# New PACH



## 2golddogs (Oct 19, 2009)

This past weekend was cold and snowy but it was toasty inside as Cooper earned his PACH!! We went into the trial needing 2 QQS and we got them. Cooper is my very first agility champion and I think I am still on cloud 9. Love my partner!









View attachment 770482


----------



## Altairss (Sep 7, 2012)

Congratulations guys that is fantastic. Wonderful job!


----------



## 4goldengirls (Jun 10, 2014)

Wow!! That is wonderful. Congratulations. I just love the photos.


----------



## ArchersMom (May 22, 2013)

Congratulations! For people new to agility, what is the abbreviation for? I thought the ACH was Agility Champion?


----------



## aesthetic (Apr 23, 2015)

ArchersMom said:


> Congratulations! For people new to agility, what is the abbreviation for? I thought the ACH was Agility Champion?
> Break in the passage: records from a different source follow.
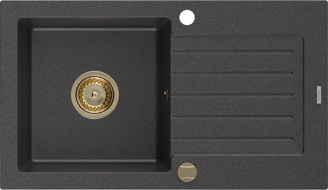 Mexen Pablo gránit mosogató 1-medencés csepegtetővel 752 x 436 mm, fekete pöttyös, arany szifon - 6510751010-76-G
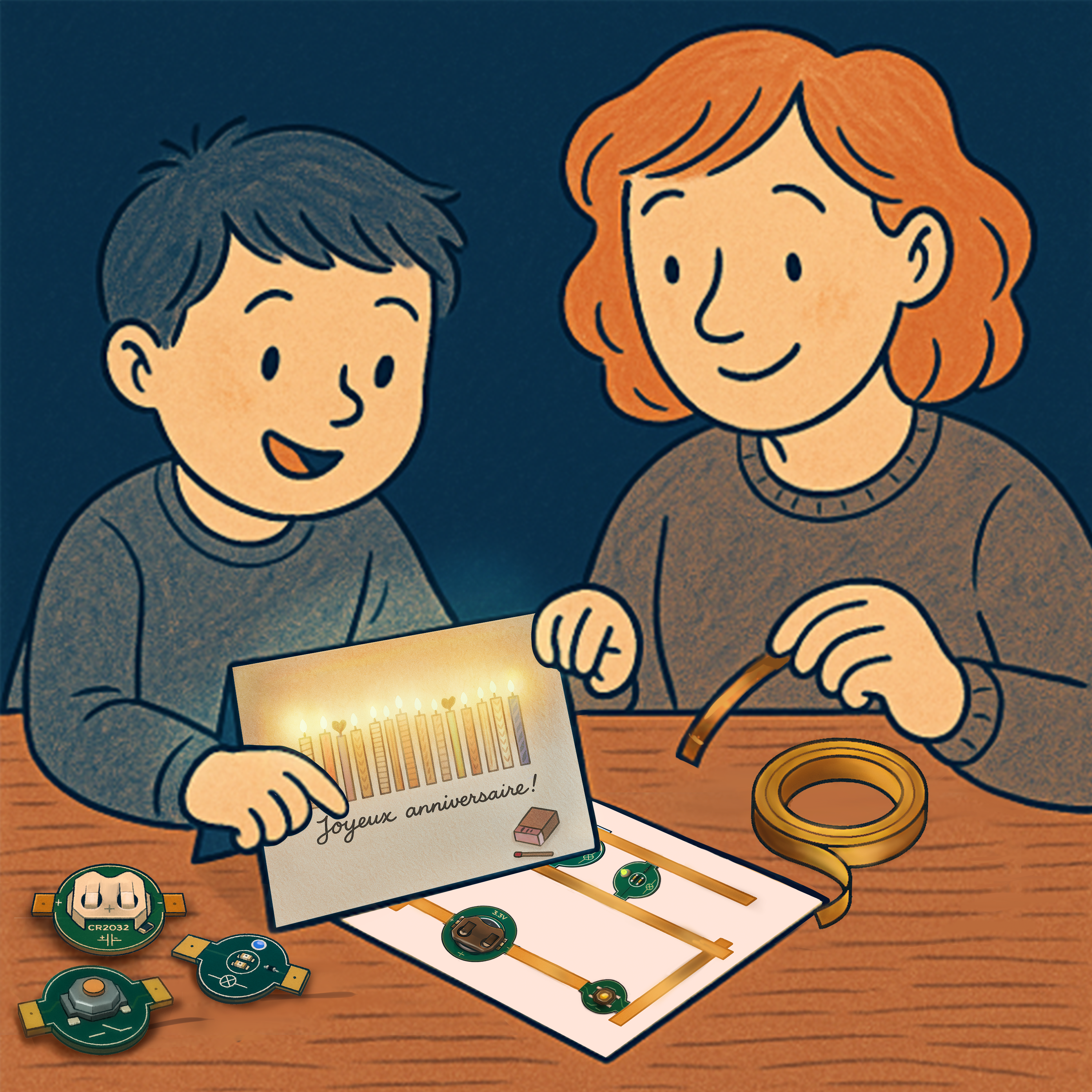 Découvrez ou faites découvrir les seuls kits de loisir créatif permettant de réaliser des cartes lumineuses.
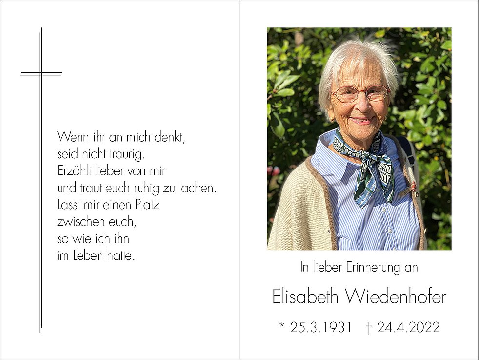 Traurig, aber dankbar für die schöne Zeit, die wir gemeinsam verbringen durften, nehmen wir Abschied von meiner lieben Mutti, unserer Schwester, Schwägerin und Tante

I think PACH is preferred Agility Champion


----------



## ArchersMom (May 22, 2013)

aesthetic said:


> I think PACH is preferred Agility Champion


Thanks. I wasn't sure if Preferred was just an Obedience thing or not.


----------



## brianne (Feb 18, 2012)

Wow! What a wonderful accomplishment - Congratulations to you both!

And may I say that Cooper is so very handsome!!


----------



## fourlakes (Feb 16, 2013)

Big congratulations to you and Cooper!


----------



## Eclipse (Apr 21, 2014)

Yes, PACH is the Preferred championship. Congrats on your accomplishment! That is a really nice ribbon too, I love it! =D I hope someone videoed the moment for you!


----------



## CAROLINA MOM (May 12, 2009)

Congratulations to you and Cooper!


----------



## KKaren (Oct 29, 2014)

Congratulations!! So very impressive. What a great accomplishment


----------



## Neeko13 (Jul 10, 2010)

Way to go Cooper and Rita!!! The dynamic duo....


----------



## hotel4dogs (Sep 29, 2008)

Way to go!


----------



## LynnC (Nov 14, 2015)

Congratulations to both of you!


----------



## AmberSunrise (Apr 1, 2009)

Just seeing this, but wanted to post

WOOHOOO  Congratulations !


----------



## MaureenM (Sep 20, 2011)

Wow! That's awesome! Congratulations to you both!


----------



## Rundlemtn (Jan 16, 2015)

Congratulations! How exciting for you both!


----------



## ceegee (Mar 26, 2015)

Congratulations!


----------



## Neeko13 (Jul 10, 2010)

Congrats again.....Neeko wants to know if Cooper needs help carrying around that awesome ribbon?????:wink2::wink2::wink2::wink2:


----------